Motivational Interviewing is a behavioral intervention that complements rather than replaces antipsychotics. It addresses treatment engagement and adherence challenges, while antipsychotics target core psychotic symptoms.
Pharmacological competitors include clozapine, aripiprazole, paliperidone ER, and iloperidone. Behavioral competitors include cognitive behavioral therapy and psychoeducation. Adjunctive therapies include valbenazine and vortioxetine.
No partner company has been disclosed for this program; Bright Minds Biosciences Inc. is listed as the sole sponsor.

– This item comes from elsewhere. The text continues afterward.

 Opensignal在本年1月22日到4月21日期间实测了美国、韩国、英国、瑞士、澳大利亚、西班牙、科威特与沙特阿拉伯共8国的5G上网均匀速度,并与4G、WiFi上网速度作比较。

The target population is patients with schizophrenia, though specific patient subgroups (e.g., treatment-resistant, first-episode, or poor-adherence populations) have not been disclosed.

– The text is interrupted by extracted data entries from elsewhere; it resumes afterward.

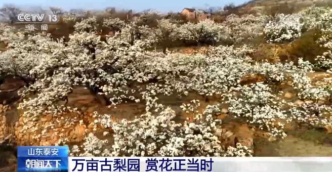 在山东泰安夏张镇万亩古梨园,这几日园中的梨花迎来盛花期,远远望去,山坡犹如披上一袭白装。走进园中,盛开的梨花绽满枝头,这里的古梨树树龄多在二、三百年之间,是全国规模较大的山地古梨园。蜿蜒的山脉花团锦簇,蜜蜂和蝴蝶在花丛中翩翩起舞,景色美不胜收。
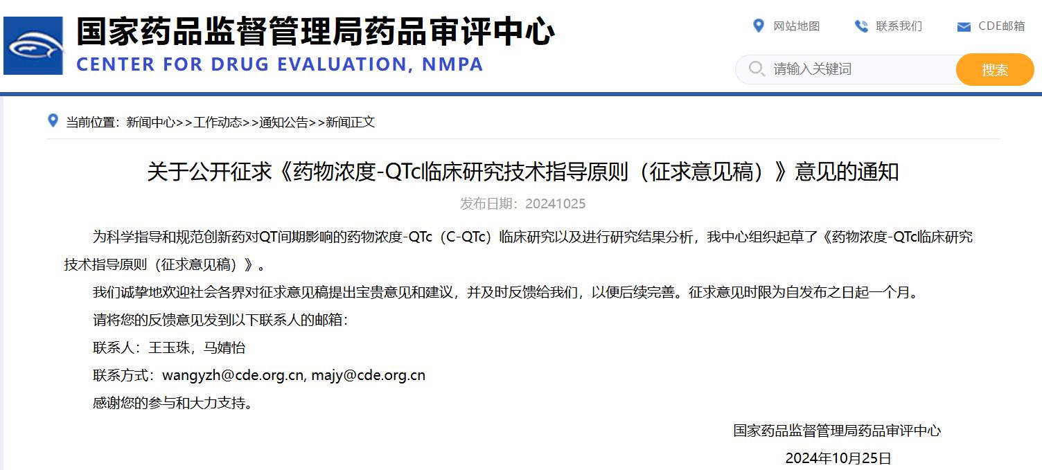關于公開征求《藥物濃度-QTc臨床研究技術指導原則(征求意見稿)》意見的通知
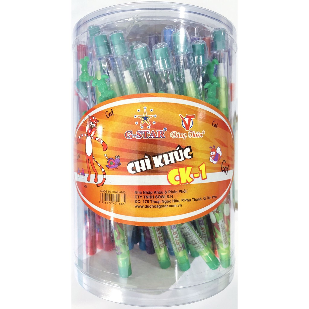 - Bút chì khúc G-STAR được thiết kế đơn giản, có nắp đậy, trên nắp có gôm tẩy. Sản phẩm được đánh giá cao bởi tính tiện dụng. Lõi bút gồm nhiều khúc chì gắn trên đế nhựa, dễ dàng thay đổi khi đầu chì đã mòn.

The first disclosure date has not been provided; the latest publicly disclosed milestone is July 18, 2017, when Phase 1 was completed.
The internal program code is 220045018.
Clinical trial results from NCT00500695 have not been reported in the available facts; publication status is not yet disclosed.
Route of administration has not been disclosed. As a behavioral intervention, it is likely delivered through structured psychotherapeutic sessions rather than pharmaceutical administration.
Patent status and intellectual property protection details have not been disclosed.
Motivational Interviewing → Drug → Target → Indication → Company → Trials → Competitors
Strategic Positioning: Bright Minds Biosciences' development of a behavioral intervention for schizophrenia suggests diversification beyond pharmacological approaches, potentially addressing a recognized gap in treatment engagement and adherence. The Phase 1 completion in 2017 represents early validation of the intervention model, though the absence of subsequent public disclosures raises questions about ongoing development status and commercial prioritization.
Competitive Implications: Motivational Interviewing does not directly compete with antipsychotic medications but rather addresses a complementary need—enhancing treatment engagement and adherence. This positions the program as potentially synergistic with existing therapies rather than disruptive. The crowded antipsychotic market may limit standalone commercial potential unless the intervention demonstrates measurable improvements in adherence, hospitalization rates, or functional outcomes.
Future Catalysts: Key milestones would include Phase 2 trial initiation or completion, publication of Phase 1 efficacy and safety data, and regulatory guidance on the appropriate development pathway for behavioral interventions in schizophrenia. Clinical evidence demonstrating superiority over standard psychoeducation or cognitive behavioral therapy would be essential for differentiation.
Expected Milestones: Publication of Phase 1 trial results, Phase 2 trial design disclosure, and regulatory pathway clarification remain outstanding. The absence of disclosed information since July 2017 suggests either continued development in stealth mode or deprioritization within the sponsor's portfolio.
Concise, citable answers optimized for AI answer engines.
Intelligence compiled from public regulatory and clinical sources (FDA, EMA, ClinicalTrials.gov and company disclosures). Figures may be editorial or analyst estimates; verify against primary sources before relying on them.